Hammoudeh v. Jada (CA2 10/09/09)

This is a case about discovery sanctions. In Seidman, 563 Ariz. Adv. Rep. 17, Division One held that the trial court can’t strike a pleading and enter default as a sanction without holding an evidentiary hearing to determine whether the failure to make discovery was the client’s fault or the lawyer’s. In this case, Division Two finds a way around that.

Jada bought a used car from Hammoudeh; the story seems to be basically that he sold her a clunker and sued her when she wouldn’t pay. She counterclaimed. He tried to stonewall discovery and, although sanctioned once, continued to do so.  At one point he personally attested under oath that his responses were true and correct to the best of his knowledge and belief; the opinion doesn’t say whether this was routine boilerplate on a discovery form or some sort of separate affidavit (in either event, it may mean that his lawyer was beginning to catch on and protect himself). When his lawyer withdrew, Hammoudeh did nothing to supplement earlier discovery. He did not claim, says the opinion, that his lawyer had prevented him from making proper discovery.

Jada moved to strike the Complaint. Hammoudeh didn’t file a response but showed up at oral argument to request an evidentiary hearing.
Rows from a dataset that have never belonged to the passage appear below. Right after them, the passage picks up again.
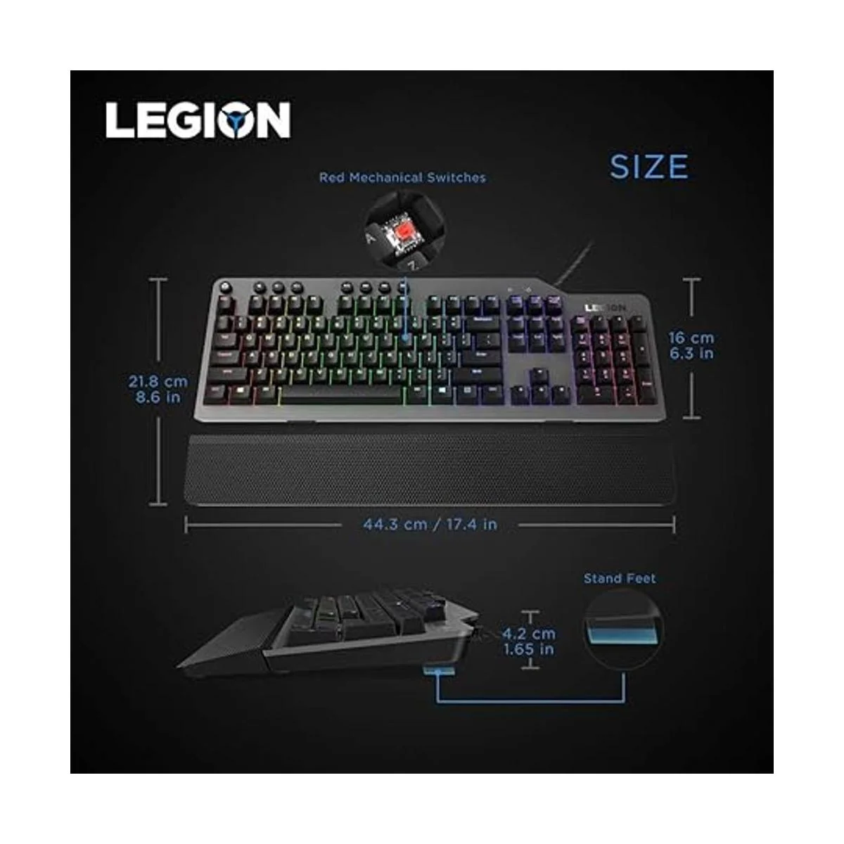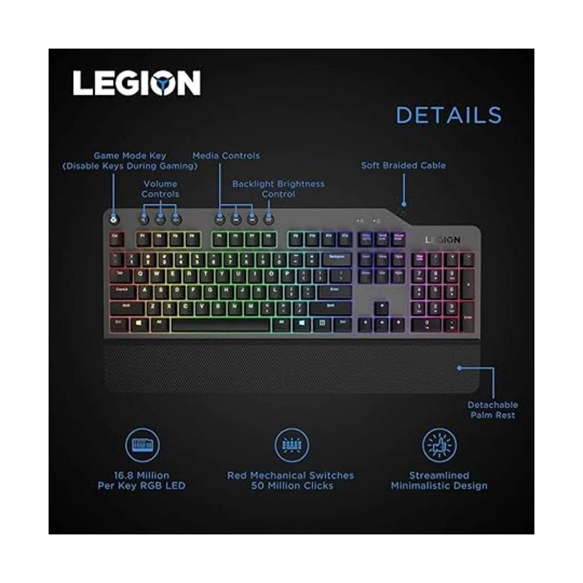 Lenovo GY40T26478 Legion K500 RGB Teclado mecánico para juegos, teclado de tamaño completo de 3 zonas, 7 teclas de acceso rápido programables por el usuario; 16.8 millones de colores, 50 millones de clics de teclas mecánicas rojas, reposamanos desmontable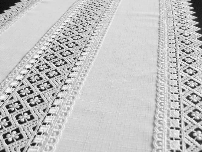 Białe bieżniki z gipiurą to elegancka dekoracja stołu wykonana z plamoodpornej tkaniny o wyglądzie lnu. Klasyczny design, łatwa pielęgnacja oraz dostępność w różnych rozmiarach sprawiają, że doskonale sprawdzą się na co dzień i od święta.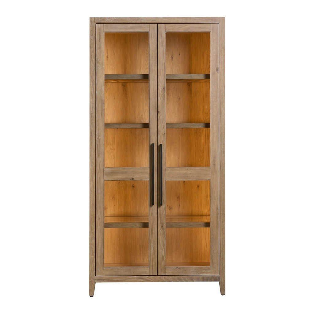 The Canyon Display Cabinet is a sophisticated and functional storage solution. Its adjustable glass shelves and sleek metal pulls create a modern aesthetic. The light wood finish with dark graining adds a touch of natural elegance, making it a captivating addition to any living room or dining room.
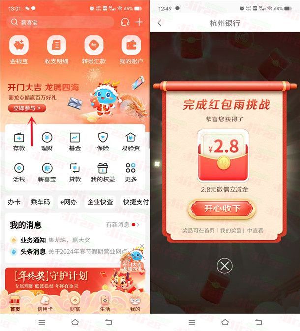 小编提示:注册过杭州银行二类电子卡的去,打开杭州银行APP,首页点【开门大吉龙腾四海】进去,打卡参加红包雨,刚中2.8元微信立减金,中到的微信立减金可以在微信支付选择杭州银行二类电子卡就可以抵扣,在宝石山APP里注册的二类电子卡也可以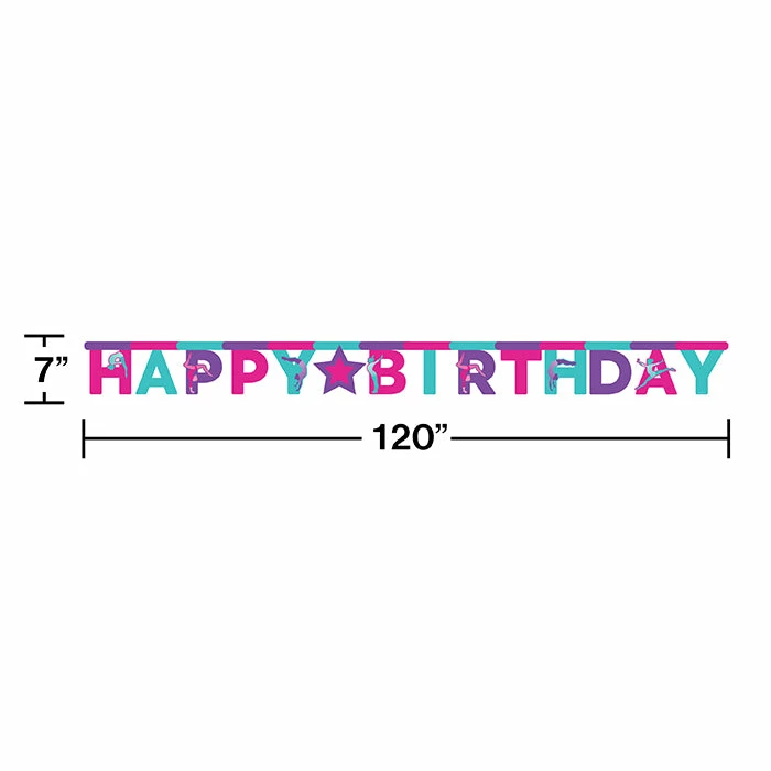 Details: Celebrate your little girl’s birthday in a colorful way when you hang the Gymnastics Party Banner. These paper banners measure 7″ x 120″ and feature the words “Happy Birthday” and gymnasts with a pink, purple and teal theme. These paper banners coordinate with all Gymnastics Party party supplies. Our Gymnastics Party Banners are perfect for event planners, caterers, and home hostesses alike.
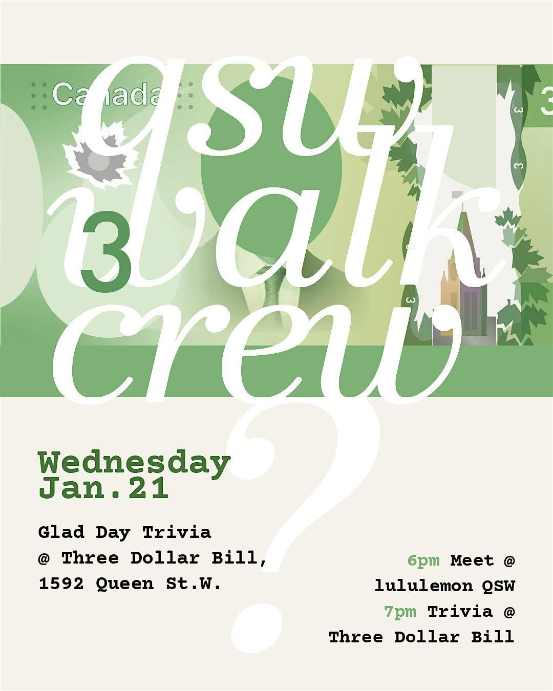 Jan.21 QSW Walk Crew to Glad Day Trivia at Three Dollar Bill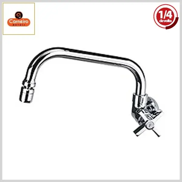 Torneira de Cozinha 1179 C55 Royal Parede Bica U Móvel 1/4Volta Cromado - Arejador Móvel, Volante Metal - Carneiro Metais

The court denied this and held a default hearing, apparently on Jada’s counterclaim. It lasted a couple of days; Hammoudeh attended the first day but not the second. He made no offer of proof.

On this record the court observed that it was “apparent from the record, and undisputed, that Hammoudeh was personally aware of, and responsible for, the inadequate discovery responses.” Hammoudeh’s personal fault was “readily apparent from the record,” the trial court made a specific finding of it, and so the court could not “say the court abused its discretion in concluding an evidentiary hearing was not necessary to determine fault.”

A commonsense result:  if the fault is already on the record, you don’t need to hold a special hearing to put it there. Properly used, this exception will eat the Seidman rule.